[Items from a data source]
══════════
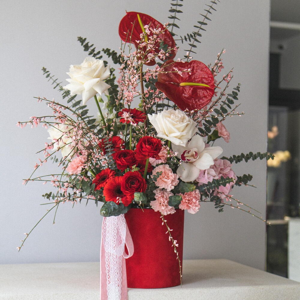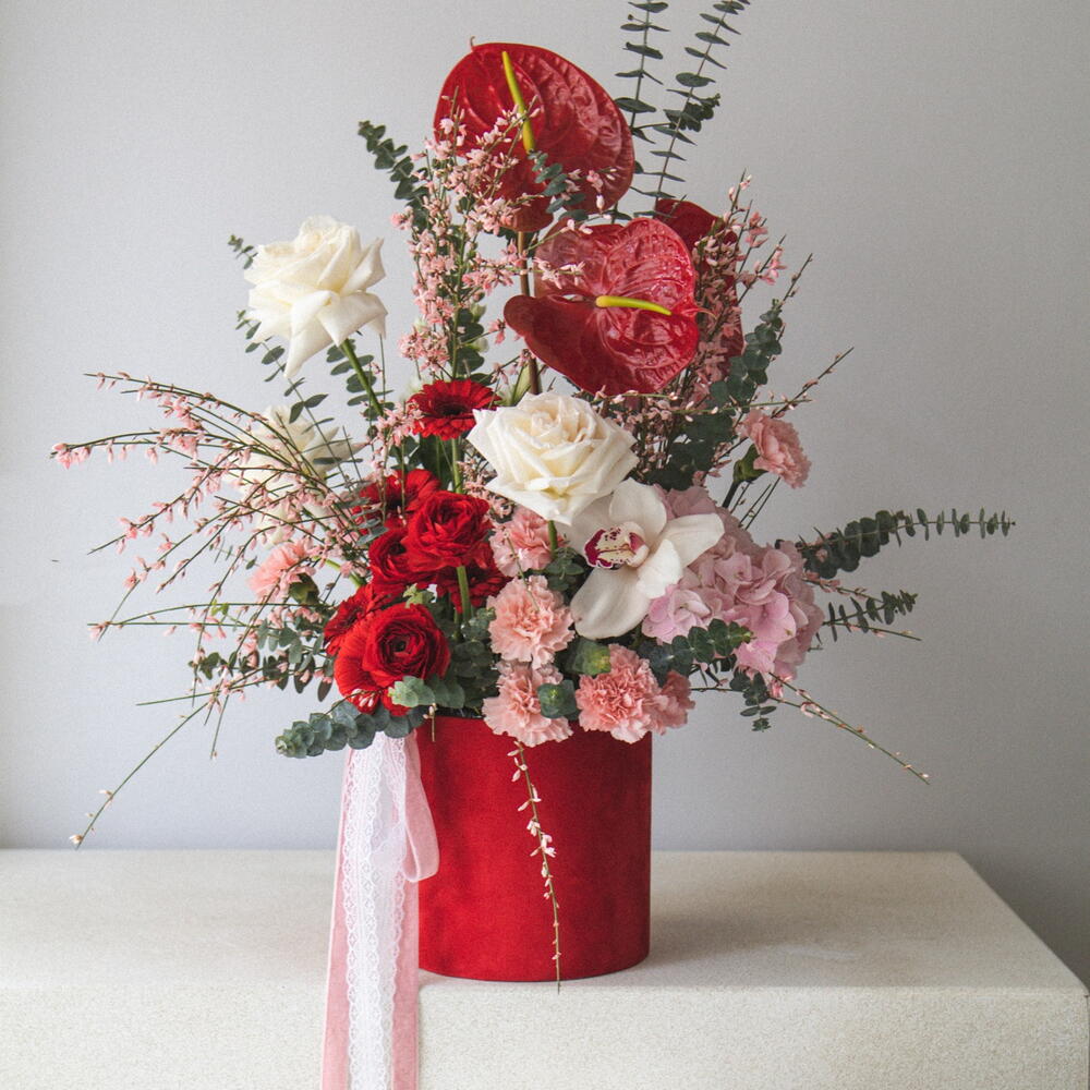 A luxurious floral arrangement in a velvet hatbox with fragrant roses. The perfect wow-effect gift with fast delivery in Belgrade.
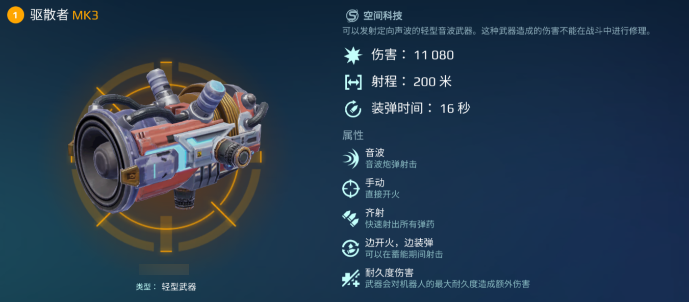 无论是前排格斗机甲的对抗拉扯,还是刺客机甲的绕后奇袭,[音喷] 都能轻松完成 “致残” 目标;尽管较长的填弹真空期使其不适合技能型机甲选配,但近战刺客与坦克机甲搭载它后,战斗表现依旧十分亮眼,足以支撑其在未来很长一段时间内保持战场竞争力。
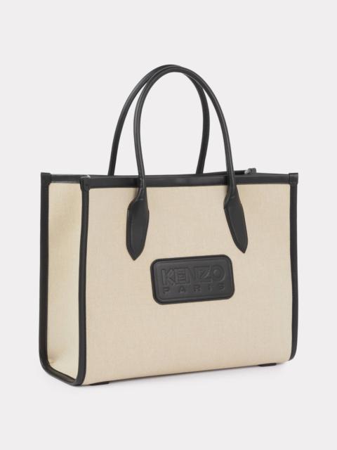 This large tote bag combines a generous size with stylish detailing. The KENZO Paris logo is embossed on an elegant leather badge. This practical bag also has an inner pocket and card slot. 'KENZO 18' large canvas and leather tote bag. KENZO Paris logo embossed on leather badge. Two handles. Hook. One inner zip pocket. One inner card holder. Product Reference: FE52SA211B01.99.TU SIZE & FIT Dimensions: 41 x 32 x 16 cm.Handle height: 16 cm.Carry on the shoulder. COMPOSITION & CARE Made in Spain 60% cotton, 40% polyester Do not bleach Do not dry-clean Do not iron Do not dry Do not tumble dry Do not wash Do not wet-clean
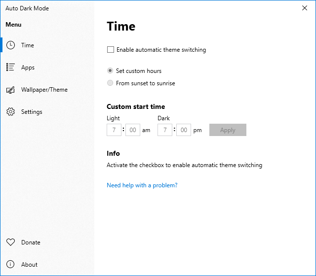 If you’re like me you don’t like bright whites on applications burning your eyes while using your PC in the later hours and you also like to have a bright screen during the day when the sun is shining. Windows does have a dark and light theme, but they do not switch automatically, meaning you will have to go into settings and do it yourself.
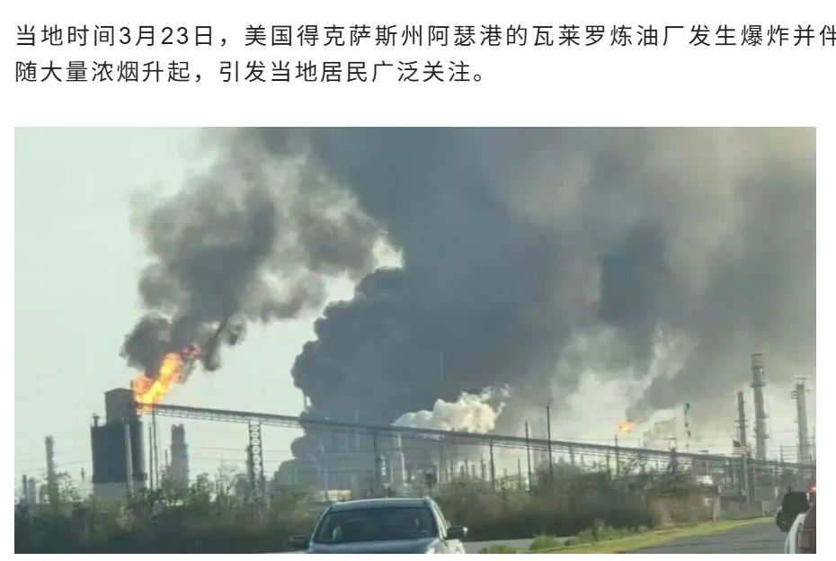 紧接着,市场又传来了伊朗能源设施再遭美以联军轰炸的消息,而同时,美国本土十大炼油厂之一的瓦莱罗炼油厂也突发大爆炸,现场冒出大量浓烟,直接冲击了WTI原油的走势。
══════════
EXERCISE AIM: Omit the pictures, and please restate word for word the lines running from the line with "This large tote" to the end of the entries.

ANSWER FOR THIS EXERCISE:
 This large tote bag combines a generous size with stylish detailing. The KENZO Paris logo is embossed on an elegant leather badge. This practical bag also has an inner pocket and card slot. 'KENZO 18' large canvas and leather tote bag. KENZO Paris logo embossed on leather badge. Two handles. Hook. One inner zip pocket. One inner card holder. Product Reference: FE52SA211B01.99.TU SIZE & FIT Dimensions: 41 x 32 x 16 cm.Handle height: 16 cm.Carry on the shoulder. COMPOSITION & CARE Made in Spain 60% cotton, 40% polyester Do not bleach Do not dry-clean Do not iron Do not dry Do not tumble dry Do not wash Do not wet-clean
 If you’re like me you don’t like bright whites on applications burning your eyes while using your PC in the later hours and you also like to have a bright screen during the day when the sun is shining. Windows does have a dark and light theme, but they do not switch automatically, meaning you will have to go into settings and do it yourself.
 紧接着,市场又传来了伊朗能源设施再遭美以联军轰炸的消息,而同时,美国本土十大炼油厂之一的瓦莱罗炼油厂也突发大爆炸,现场冒出大量浓烟,直接冲击了WTI原油的走势。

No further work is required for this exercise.